Der Jahresbeginn hat sich längst als zentrale Phase für Sommerbuchungen etabliert. Urlaubstage müssen rechtzeitig eingereicht werden, die Schulferien setzen fixe Zeitfenster, und auch berufliche wie familiäre Verpflichtungen lassen wenig Spielraum. Kein Wunder also, dass die Nachfrage nach Urlaubsreisen bereits im Jänner spürbar anzieht.

„Wir sehen jedes Jahr sehr klar, dass die ersten Wochen des Jahres zur entscheidenden Phase werden, in der der Sommerurlaub geplant und gebucht wird.“

…erklärt Daniela Ebeert, Kommunikationsleiterin und Reiseexpertin bei BILLA Reisen. Besonders beliebt sind heuer Griechenland, die Türkei und Spanien – sie bilden die aktuelle Top-3 der Frühbucherziele. Beim Reisezeitraum dominieren Juli und August.

Früh buchen schafft Sicherheit – und spart Geld

Immer mehr Österreicher:innen entscheiden sich bewusst dafür, ihren Sommerurlaub frühzeitig zu fixieren. Ein Grund dafür: die größere Auswahl. Hotels und Zimmerkategorien sind zu Jahresbeginn noch gut verfügbar, und auch bei den Flugzeiten können Frühbucher:innen oft aus dem Vollen schöpfen.

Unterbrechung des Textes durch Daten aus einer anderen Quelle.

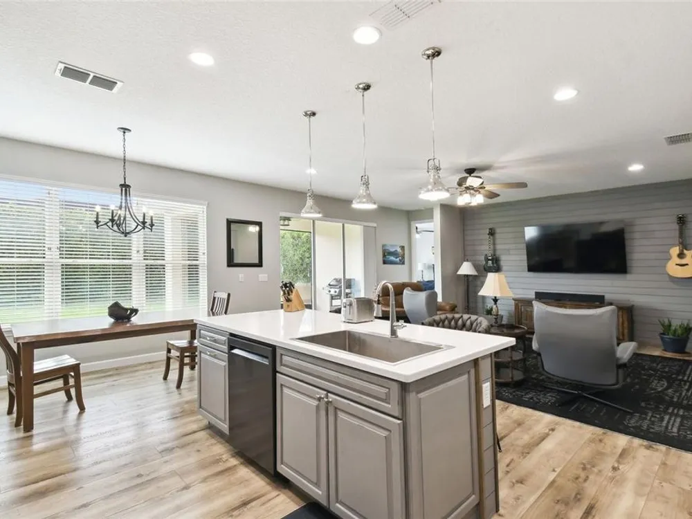 Reimagined CABELLA model built in 2016 in the Volare subdivision of Solivita. SPOTLESS & WELL MAINTAINED. UPGRADES include: 8' doors, 5 1/2" baseboards and DOUBLE PANE WINDOWS with blinds throughout. Heat Pump/Air Compressor new in 2020. 6' X 9" LUXURY VINYL PLANK floors in the Great Room, Dining Room & Kitchen, Upgraded carpet in Primary Bedroom. Redesigned HUGE 2nd Bedroom has Pergo Laminate floors. 18" CERAMIC TILE in Foyer, Bathrooms & Laundry Room. Wood panel ACCENT WALLS throughout the house in the foyer, bedrooms and Great room. ARCHITECTURAL STONE accents on the front of the home with stones in the flower beds paver borders. Front Entryway is screened and the Front Door has a LEADED GLASS INSERT. Kitchen features CORIAN counters, a single bowl deep stainless steel sink, Gooseneck Faucet, STAINLESS STEEL APPLIANCES including a GE SLATE Fingerprint Resistant refrigerator, RECESSED & PENDANT lights, CUSTOM Gray cabinets new in 2021 with SOFT CLOSE doors & drawers, Lazy Susan organizers in the lower & upper cabinets, pull out drawers in the lower cabinets and 42" upper cabinets with crown molding and a custom pantry. Primary Bedroom has newer plush carpet. The bathroom features QUARTZ counters, DUAL SINKS, wood-framed mirrors, a walk-in shower with bench and SEAMLESS, THICKER GLASS enclosure and tile walls with Listello accents. There also is a SUPERSIZED WALK IN CLOSET with shelves and a cedar wall panel. Second Bedroom was redesigned to incorporate the den creating a true suite with an ensuite bathroom. The room has a sitting area. Laundry Room includes a washer & dryer, sink and built in cabinets. BIG PLUS: Garage is EXTENDED 4 FEET and includes shelving & cabinet, a MyQ garage door motor and a whole house surge suppressor. Lanai is partially screened and covered. Backyard has tall shrubbery for privacy. Make this your home today! **See the FULL LENGTH VIDEO on Tour Link 1.** ***Solivita is an active adult 55+ community located in Kissimmee, Florida. It is approximately 50 minutes from Disney World & the Orlando International Airport. Solivita has a total of 5,470 homes. Approximately 10,000 - 11,000 people live in Solivita during the winter while approximately 7,500 live in Solivita during the summer. Enjoy your active years in this piece of paradise. Solivita's amenities include: - a manicured SOFTBALL diamond & field - 36 holes of CHAMPIONSHIP GOLF that can be played by joining the Stonegate Golf Club or paying as you go - 2 STATE of the Art AMENITY centers with updated exercise equipment, yoga studio & meeting rooms - 3 restaurants - 14 HEATED POOLS - 17 PICKLEBALL courts - 9 TENNIS courts - 4 BOCCE BALL courts - 4 SHUFFLEBOARD courts - 3 HORSESHOE pits - a BILLIARDS room - miles of bike paths - 2 DOG PARKS (Small & Large Dogs) - Corn Hole - Tot Lot PLAYGROUND - COMMUNITY GARDEN - over 250 resident clubs. The HOA: - maintains the LANDSCAPING & IRRIGATION systems in the common areas as well as at individual homesites. PROVIDES SECURITY with gate guards and mobile patrols including the Polk County Sheriff - allows AUTOMATED GATE ACCESS. Fiber Optic Internet & TV service provided.***Poinciana Lakes Plaza is a MAJOR NEW SHOPPING CENTER that directly across from the Solivita Main Gate. It features Sprouts Grocery, TJ MAXX, Ross, Burlington, Rack Room Shoes, 5 Below, Ulta, Outback, First Watch, 5 Guys, Urgent Care, Papa Johns, Panda Express, Cold Stone Creamery, Dentist, TD Bank, Petco & Hair Cuttery PLUS MORE TO COME.***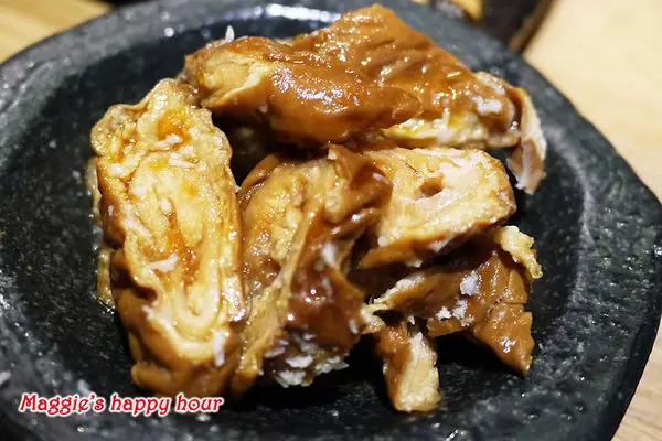 「無敵肥腸」已經滷得十分入味,看起來就蠻好吃的樣子,待上火爐烤過後逼出油脂想必一定很香。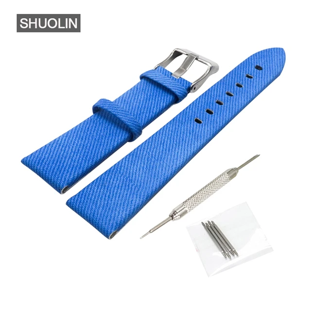 | [해외]패션 남성 시계 스트랩 손목 20 미리메터 시계 밴드 20 미리메터 2017 새로운 블루 데님 스트랩 20 시계 여성 손목 SH010-B |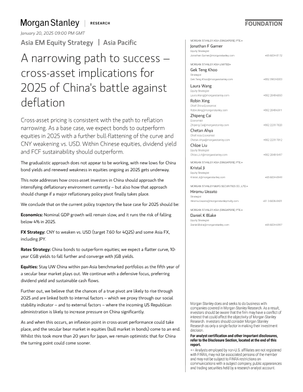【Morgan Stanley】【202501】Asia EM Equity Strategy A narrowing path to success – cross-asset implications for 2025 of China's battle against deflation-27页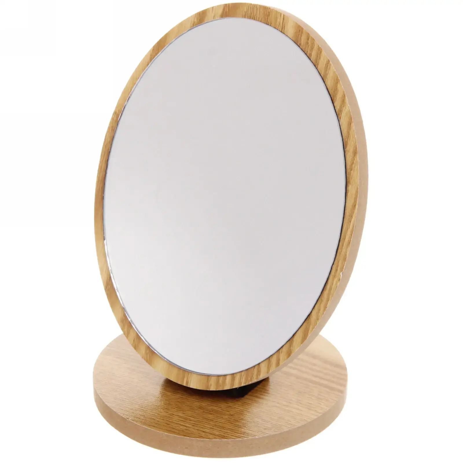 Зеркало выполнено из высококачественного дерева с гладкой стеклянной поверхностью, что делает его не только стильным, но и практичным. Оно легко очищается от загрязнений, а его прочная конструкция обеспечивает стабильность при использовании. Это зеркало станет отличным подарком для себя или близких, добавив нотку элегантности в повседневную рутину.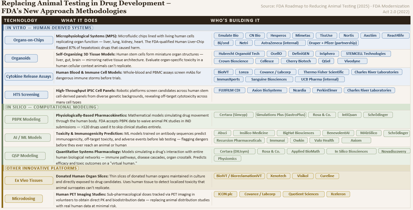The US was never going to out-breed China on NHPs – China’s cost advantages and ethical calculus are insurmountable. Rather, the strategic off-ramp from reliance on this brittle supply chain will require doubling down on areas where the US does have structural advantages – world class technical talent and capital markets that reward technological innovation. And now, a vision for credibly diminishing dependence on NHP testing is coming into focus.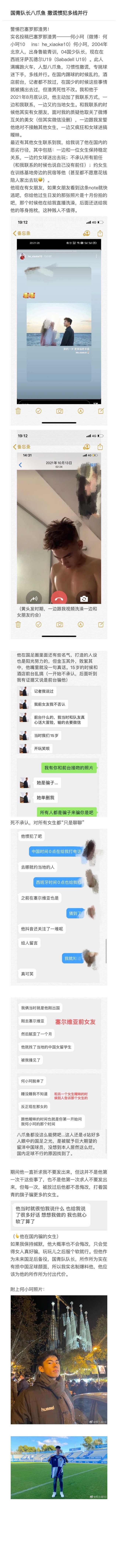 也是在22年1月份,效力于泰山梯队的希望之星何小珂被爆料出大瓜。有博主透露何小珂私生活混乱,称其“八爪鱼、撒谎惯犯、多线并行”。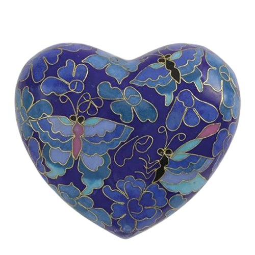Butterfly Blue Heart Cloissone Cremation Urn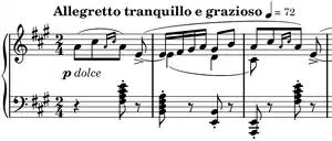 The Second, Third and Fourth piano sonatas are unrelated one-movement works. They were written during the period 1904–07 and published as the "Sonata-Triad", Op. 11. The first of the trio, in A, is an ecstatic work with attractive, lyrical themes, prefaced by a poem by Goethe.[12] The second, in D minor, is entitled "Sonate-Elegie". It opens slowly with one of Medtner's best-known themes and closes with an animated coda (Allegro molto doppio movimento, in D major) based on the second subject. The third, in C, returns to the lyricism of the first.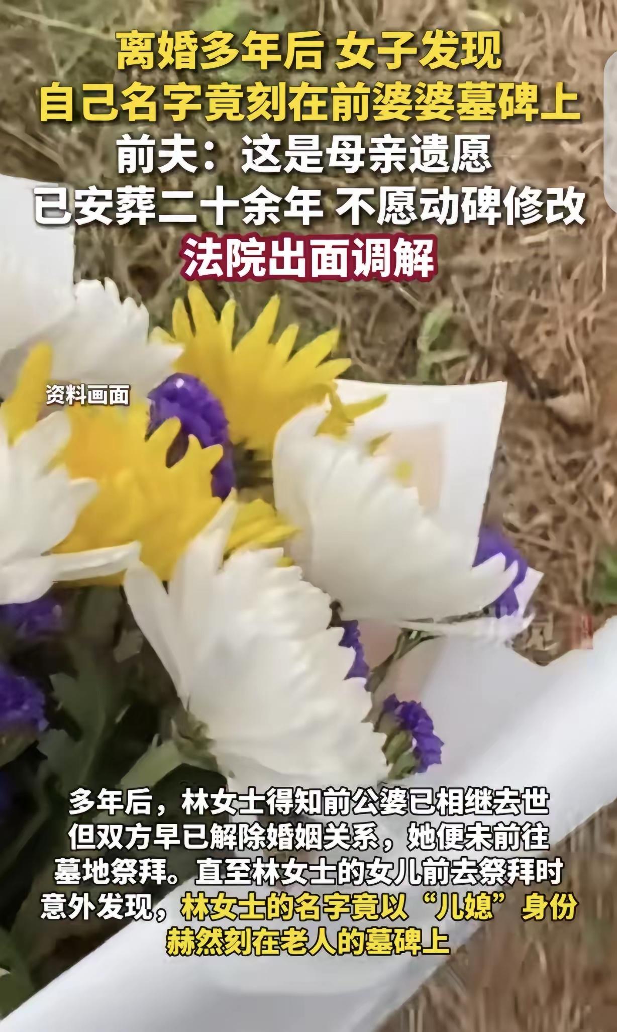 上海一女子林女士将离婚多年的前夫告上法庭,只因前婆婆离世后,前夫将林女士的名字刻在了前婆婆的墓碑上。 告上法庭后,林女士不仅要求前夫道歉,还要求前夫对自己作出一定的赔偿,承担精神损失费。 有网友就说了,没必要这么绝情吧,虽然离婚后两者已不在一起生活,但之前相处的点点滴滴也还在吧。 林女士和前夫何先生,已离婚多年,两人的女儿跟着林女士一起生活。 这么多年来,两者其实没什么交集。 然而,就是在这种情况下,林女士却将前夫何先生告上了法庭,她表示,何先生在未征得她同意的情况下,竟将自己的名字写在了前婆婆的墓碑上。 本来两者没什么交集,林女士是不知道这件事情的。 但女儿毕竟也是何先生的亲生骨肉,于是有一天女儿就去奶奶的坟前烧纸。 这一去,才发现母亲林女士的名字竟然刻在奶奶的墓碑上,回家后便把这一切告诉了林女士。 得知这个消息后,林女士感到非常生气,说实话,她和何先生分开这么多年,两人感情早已消耗殆尽,说是陌生人都不为过。 那么既然如此,为什么还要把自己的名字刻在前婆婆的墓碑上? 对于林女士来说,她真的无法接受这一点。 于是便发生了开头的一幕,林女士将何先生告上了法庭,要求何先生道歉,还要求何先生对她作出赔偿。 先来说说最后的结果吧,其结果是,何先生确实给林女士道了歉,也赔了她一定的钱。 同时还把林女士的名字从母亲墓碑给抹去了。 其实,这并不是法院判决的结果,对于这种小事,法院不可能去判决。 实际上,这是林女士和何先生共同商量出来的一个结果。 两人商量的时候,何先生没有指责这是一件小题大做的事,而是最先考虑到了林女士内心的感受。 他觉得,既然林女士接受不了这件事,并且提出了自己的诉求,他就应该尽可能满足林女士。 两人虽然分开了,但他依然不能亏欠林女士。 说实话,何先生的做法还是挺仁至义尽的。 得到这样一个满意的答复之后,林女士本人也没有任何要求了,她觉得,这件事情处理得非常合心意。 但这件事发生后,很多人在纠结一个问题,林女士是不是真的有些小题大做了呢? 离婚只不过是从名义上让两个人撇清关系,但一家人曾经的感情,点点滴滴,以及温情,都要全部忘却吗?真的有必要如此吗? 其实这种看法有失偏颇,夫妻之间无论因何种原因离婚,既然已经离婚,那么林女士便不再是何先生的妻子,这情况下,便不能轻易的以妻子的名义,做一些可能会影响前妻的事。 更不能把前妻的名字随意写在自己母亲的墓碑上,显然不合适。 想写可以,除非征得林女士的同意。 既然事先没和林女士打招呼,就不该贸然进行。 虽然法院不可能判决这种鸡毛蒜皮的小事,但何先生肯定要通过自己的方式,来弥补自己孤注一掷的做法对林女士带来的损失。 所谓鸡毛蒜皮无小事,正是如此。 总结,虽然已经离婚,但是当两人遇到了矛盾,还是要第一时间解决。 这才算是真正尊重对方。 对此,你怎么看? 参考资料,大象新闻,2026年4月3日报道。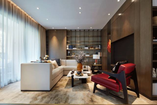 印象空间样板房,珍创设计融入湖光山色,沿用印象设计手法,以“简”为要,通过对材质、色彩、比例、造型、氛围等细节的精雕细琢,营造出质与美相互交融的生活空间。

Neben der Planungssicherheit spielt aber auch der Preis eine zentrale Rolle. In der aktuellen Frühbucherphase – die bei BILLA Reisen noch bis Ende Jänner läuft – gibt es bis zu 45 Prozent Preisvorteil. Ebeert betont:

„Wer nur begrenzt flexibel ist, sollte nicht pokern, sondern früh buchen. Das erhöht die Chance auf das beste Hotel zum besten Preis.“

Viele schätzen zudem die organisatorische Entlastung: Hat man den Urlaub früh im Jahr fixiert, bleibt mehr Zeit, sich auf die Vorfreude zu konzentrieren statt auf die Urlaubsplanung.

Darauf sollten Frühbucher:innen achten

Doch frühes Buchen bedeutet nicht automatisch, das beste Angebot zu erwischen – zumindest nicht ohne gründlichen Blick auf die Details. Wichtige Punkte sind:

  • Flugzeiten und Transfers: Frühmorgens starten oder spät nachts ankommen? Der Zeitplan entscheidet oft über die Qualität des Urlaubsstarts.
  • Zimmerlage und Ausstattung: Meerblick, ruhige Lage oder Familienzimmer – wer früh bucht, hat mehr Auswahl.
  • Zusatzkosten: Essen, Ausflüge oder Freizeitangebote können den Gesamtpreis stark beeinflussen.
  • Reisezeit und Klima: Besonders bei Fernreisen gilt es, Regenzeiten oder Hitzeperioden einzukalkulieren.
  • Storno- und Umbuchungsmöglichkeiten: Flex-Optionen schaffen zusätzliche Sicherheit.
  • Bei Preisvergleichen ist außerdem wichtig: Pauschalreisen und individuell zusammengestellte Reisen beinhalten unterschiedliche Leistungen – direkte Vergleiche sind daher oft schwierig.

Last Minute: Für wen sich das Warten trotzdem lohnt

Trotz des klaren Trends zum frühen Buchen bleibt Last Minute für manche die ideale Wahl. Vor allem jene, die frei in der Destination sind und beim Reisetermin Spielraum haben, können hier sparen.

„Flexibilität ist der entscheidende Faktor“, sagt Ebeert. Wer offen bleibt und keine fixen Vorstellungen hat, kann auch kurzfristig echte Schnäppchen ergattern. Für die meisten jedoch ist die Entscheidung für frühes Buchen weniger ein Verzicht auf Last Minute, sondern vielmehr ein Gewinn an Planbarkeit – je nach Lebenssituation.